On February 27, 2020, FERC accepted a compliance filing from PJM Interconnection, L.L.C. (“PJM”) that proposed identical revisions to Attachment K of the PJM Tariff and Schedule 1 of the PJM Operating Agreement, finding that the revisions met the requirements of Opinion No. 566, issued August 26, 2019. In accepting PJM’s compliance filing, FERC found that the PJM Tariff now includes greater transparency regarding the process used to evaluate requests to build network upgrades in order to obtain Incremental Auction Revenue Rights (“IARRs”).

On February 20, 2020, FERC issued Order No. 861-A, granting certain clarifications about, and denying rehearing of, FERC’s sweeping market-based rate reforms in Order No. 861 (see July 24, 2019 edition of the WER). In Order No. 861-A, FERC held that sellers of capacity located in the California Independent System Operator Corporation (“CAISO”) market must continue to submit indicative screens in order to obtain authorization to make capacity sales at market-based rates. FERC also affirmed that capacity sellers located in CAISO may not rely on a rebuttable presumption that the Capacity Procurement Mechanism (“CPM”) adequately mitigates these sellers’ horizontal market power. FERC issued Order No. 861-A in response to requests for rehearing and clarification from CAISO and Pacific Gas & Electric Company (“PG&E”).

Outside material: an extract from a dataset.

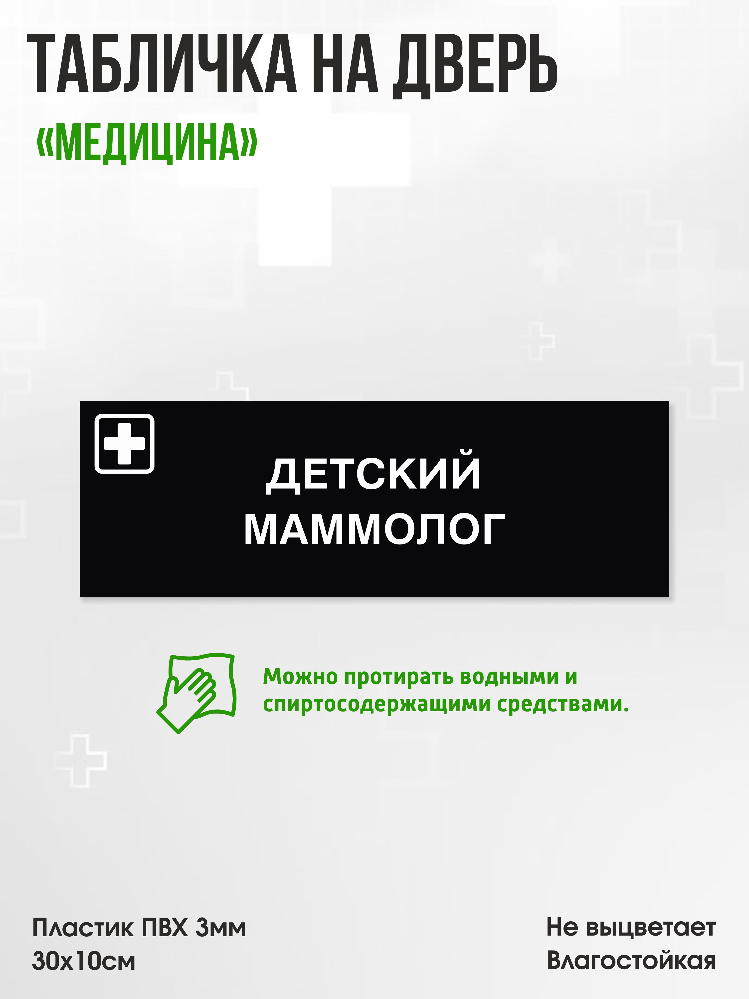 Табличка Детский маммолог, черная, 30х10см, ПВХ пластик, на дверь, для медицинской клиники или больницы

On February 10, 2020, FERC filed its Rehearing En Banc Brief (“Brief”) regarding opposition to FERC’s authorization of the construction of Transcontinental Gas Pipe Line Company, LLC’s (“Transco”) proposed Atlantic Sunrise Project (“Project”)—an interstate pipeline designed to supply enough natural gas to meet the daily needs of more than 7 million American homes. The United States Court of Appeals for the District of Columbia (“D.C. Circuit”) issued an opinion on August 2, 2019, upholding FERC’s decision to conditionally approve the Project. However, on September 16, 2019, Hilltop Hollow Limited Partnership, Hilltop Hollow Limited Partnership, LLC, and Stephen D. Hoffman (“Petitioners”) petitioned the court for rehearing of the court’s opinion en banc. The Petitioner’s main challenge was FERC’s usage of tolling orders, which allows FERC to delay rehearing after granting a pipeline certificate, as impermissible under the Natural Gas Act (“NGA”) and the Due Process Clause of the Fifth Amendment. The court granted that petition and vacated the underlying judgment in a December 5, 2019 order (see December 11, 2019 WER).